L’exemple de Stéphanie n’est pas marginal. Nous avons vu dans le chapitre précédent que le relationnel mondain pouvait être un vecteur efficace de transmission informationnelle. Didier et Robert s’improvisent aussi conseil. Le premier s’ingénie à démontrer à ses amis, concernés comme lui par le problème de la mobilité géographique et de la conversion d’un patrimoine d’occupation en patrimoine locatif, les ressources du refinancement et de l’effet de levier de l’endettement. Le second, membre d’une association d’anciens élèves de SUP de CO, répond aux sollicitations des ses anciens camarades lors de leurs retrouvailles annuelles et leur enseigne qu’une gestion avisée est une gestion personnelle, que l’on ne peut avoir confiance qu’en un nombre restreint d’interlocuteurs (cf. infra, chapitre 9, § 9.3) et qu’un projet qui marche est un projet autofinancé.
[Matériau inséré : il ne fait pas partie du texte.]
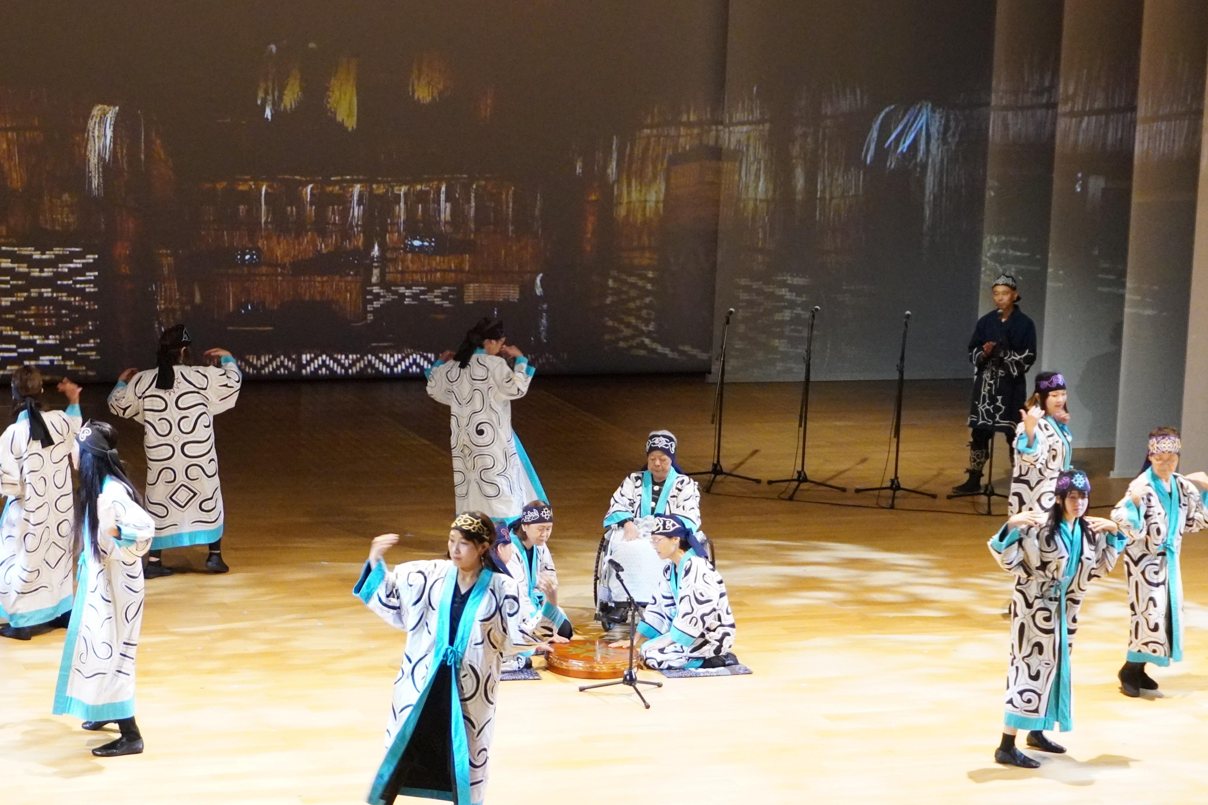 9月13日及び14日に新冠民族文化保存会の皆さんに、オンルイカやバッタリ イウタ ウポポ、ムックリ等6つの唄や踊りを披露していただきました。

Cette attitude confine au prosélytisme. Comme le suggère Stéphanie avec bon sens, les sociabilités sont un espace-temps de diffusion d’informations et de méthodes patrimoniales qui peuvent jouer sur l’allure collective des créations de SCI. D’une certaine façon, elle voit dans ce canal un moyen d’entretenir un cercle vertueux. Elle n’a pas un réflexe égoïste de rétention d’informations pour son seul profit. Elle tient à aider ses proches et reprend le rôle socialisateur qu’avait joué sa mère quelques années auparavant. Ceci pour dire qu’à la faveur d’un processus interactionnel, des formes de rationalité juridico-financière se transmettent dans certains milieux, leurs membres étant socialement proches en raison de leur attachement, ancien ou naissant, à une culture patrimoniale projective.